▸ **Exercise data**:
-- Opening Marker --

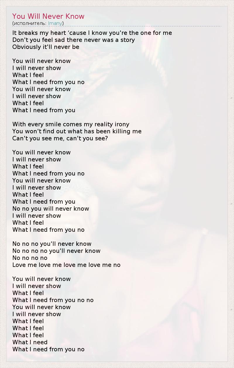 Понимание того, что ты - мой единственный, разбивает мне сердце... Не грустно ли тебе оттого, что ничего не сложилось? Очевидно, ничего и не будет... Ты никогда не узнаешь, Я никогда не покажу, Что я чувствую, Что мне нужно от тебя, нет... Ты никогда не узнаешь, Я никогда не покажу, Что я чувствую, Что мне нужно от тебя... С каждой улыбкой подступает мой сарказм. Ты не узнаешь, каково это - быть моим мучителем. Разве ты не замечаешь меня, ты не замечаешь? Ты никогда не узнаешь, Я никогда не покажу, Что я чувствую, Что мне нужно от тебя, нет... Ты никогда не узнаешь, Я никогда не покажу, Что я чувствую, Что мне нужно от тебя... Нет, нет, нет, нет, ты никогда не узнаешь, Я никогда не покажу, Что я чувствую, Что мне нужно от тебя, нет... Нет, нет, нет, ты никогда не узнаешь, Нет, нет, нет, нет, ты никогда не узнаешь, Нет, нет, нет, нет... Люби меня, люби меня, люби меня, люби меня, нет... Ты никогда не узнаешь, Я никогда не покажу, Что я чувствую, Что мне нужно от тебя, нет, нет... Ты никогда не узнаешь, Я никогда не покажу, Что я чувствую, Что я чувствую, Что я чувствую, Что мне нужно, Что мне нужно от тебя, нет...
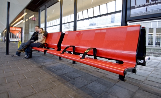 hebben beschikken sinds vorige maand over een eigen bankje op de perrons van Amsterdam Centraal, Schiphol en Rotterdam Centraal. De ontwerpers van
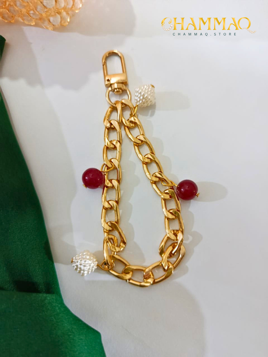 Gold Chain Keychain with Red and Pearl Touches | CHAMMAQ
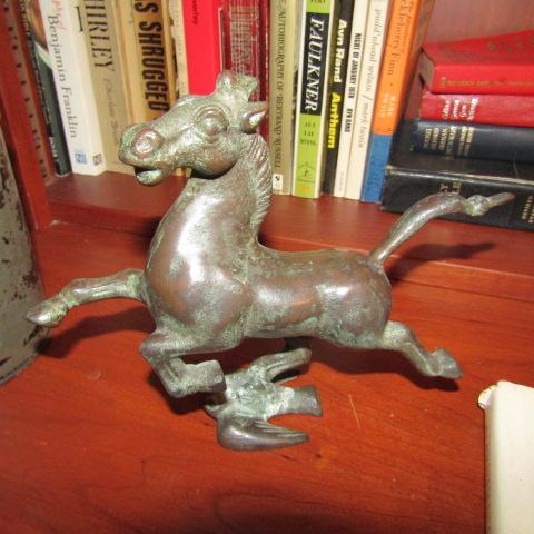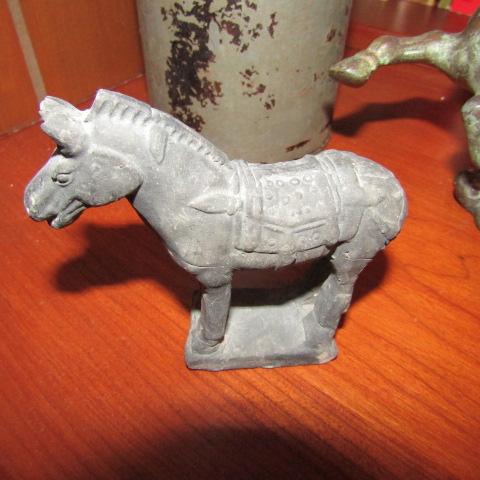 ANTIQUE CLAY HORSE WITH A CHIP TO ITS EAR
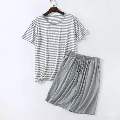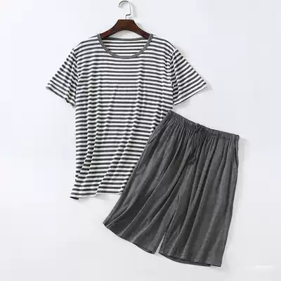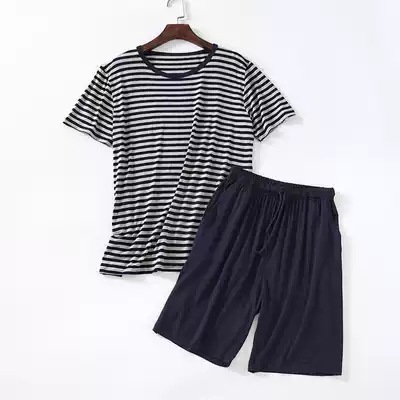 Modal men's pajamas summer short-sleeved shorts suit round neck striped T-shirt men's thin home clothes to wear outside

-- Closing Marker --
-- Opening Marker --

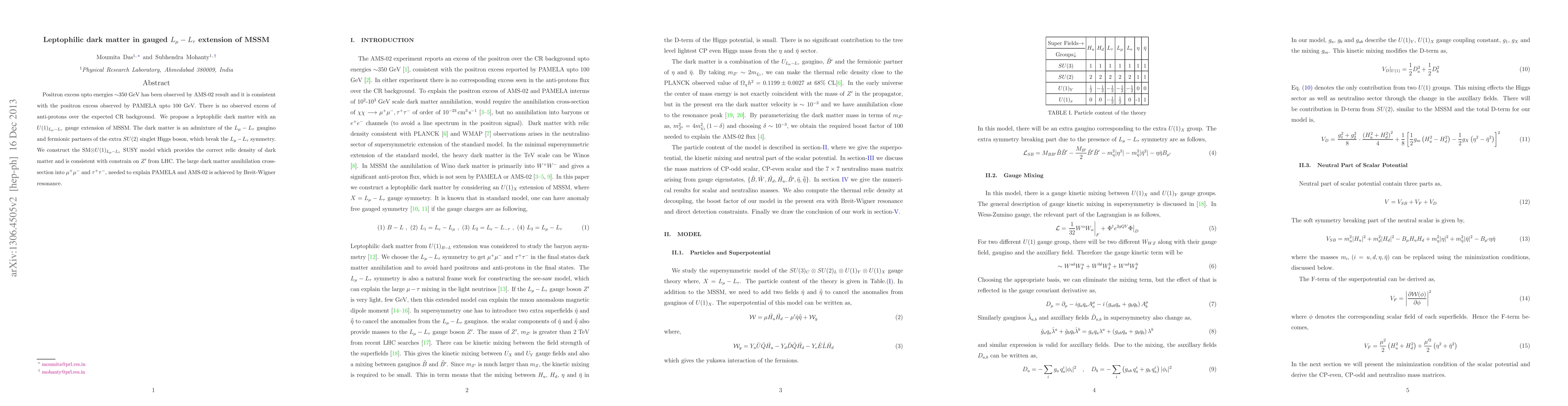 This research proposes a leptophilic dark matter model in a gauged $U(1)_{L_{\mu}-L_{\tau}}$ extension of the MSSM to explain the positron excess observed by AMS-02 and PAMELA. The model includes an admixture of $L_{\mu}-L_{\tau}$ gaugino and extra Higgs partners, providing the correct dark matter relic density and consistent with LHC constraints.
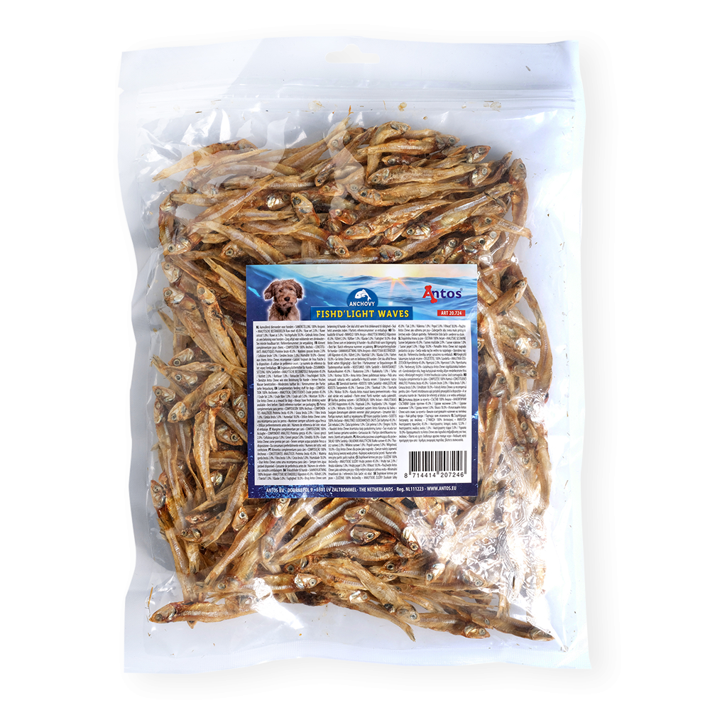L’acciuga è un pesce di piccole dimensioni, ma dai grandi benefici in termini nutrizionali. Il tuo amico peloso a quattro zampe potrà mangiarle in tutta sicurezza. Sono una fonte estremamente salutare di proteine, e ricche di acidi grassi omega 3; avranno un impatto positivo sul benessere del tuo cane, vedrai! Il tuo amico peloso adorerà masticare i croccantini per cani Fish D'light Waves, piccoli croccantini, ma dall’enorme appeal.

-- Closing Marker --
-- Opening Marker --

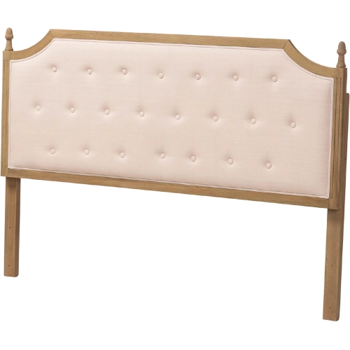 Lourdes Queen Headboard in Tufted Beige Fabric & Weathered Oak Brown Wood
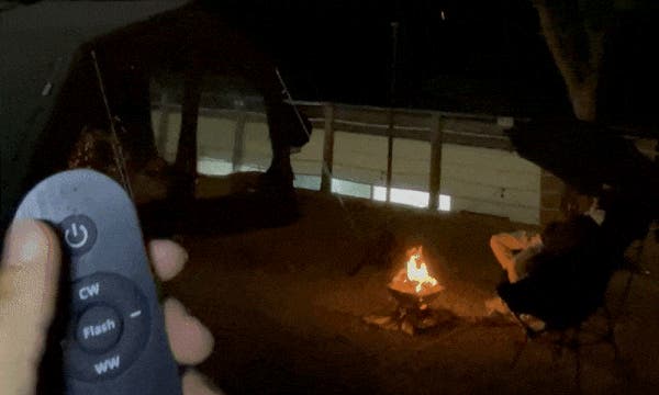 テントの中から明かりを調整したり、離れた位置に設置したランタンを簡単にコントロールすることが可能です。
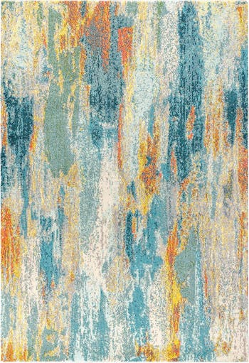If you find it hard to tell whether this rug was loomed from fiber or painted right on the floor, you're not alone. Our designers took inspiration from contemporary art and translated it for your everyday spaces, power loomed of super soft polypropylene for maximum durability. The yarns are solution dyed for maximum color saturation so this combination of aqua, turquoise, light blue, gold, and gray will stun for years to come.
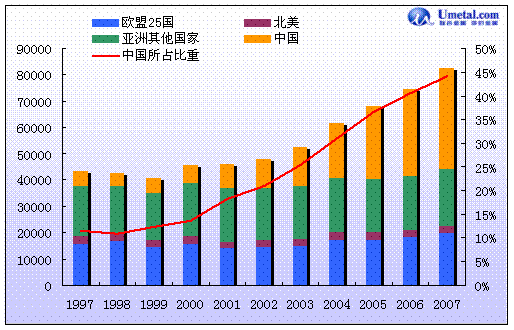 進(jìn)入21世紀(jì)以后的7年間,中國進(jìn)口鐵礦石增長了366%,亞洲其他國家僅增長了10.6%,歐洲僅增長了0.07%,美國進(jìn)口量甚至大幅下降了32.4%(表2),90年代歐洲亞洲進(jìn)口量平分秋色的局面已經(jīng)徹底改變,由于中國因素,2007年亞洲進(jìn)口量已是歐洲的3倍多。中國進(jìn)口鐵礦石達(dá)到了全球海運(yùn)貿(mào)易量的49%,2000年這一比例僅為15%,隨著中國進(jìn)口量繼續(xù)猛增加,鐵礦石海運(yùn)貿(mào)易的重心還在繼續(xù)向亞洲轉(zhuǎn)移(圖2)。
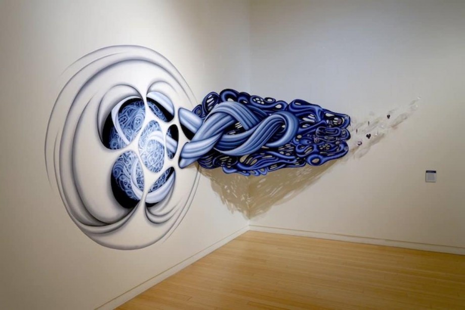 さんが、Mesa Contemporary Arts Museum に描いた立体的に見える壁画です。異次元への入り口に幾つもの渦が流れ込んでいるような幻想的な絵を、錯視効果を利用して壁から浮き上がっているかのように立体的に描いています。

-- Closing Marker --

Using the data above, give again exactly the lines starting at the one holding "ANTIQUE CLAY HORSE WITH A CHIP TO ITS EAR" and ending at the one holding "Modal men's pajamas", inclusive, and nothing more. Omit the pictures.

▸ **Response to this task**:
 ANTIQUE CLAY HORSE WITH A CHIP TO ITS EAR
 Modal men's pajamas summer short-sleeved shorts suit round neck striped T-shirt men's thin home clothes to wear outside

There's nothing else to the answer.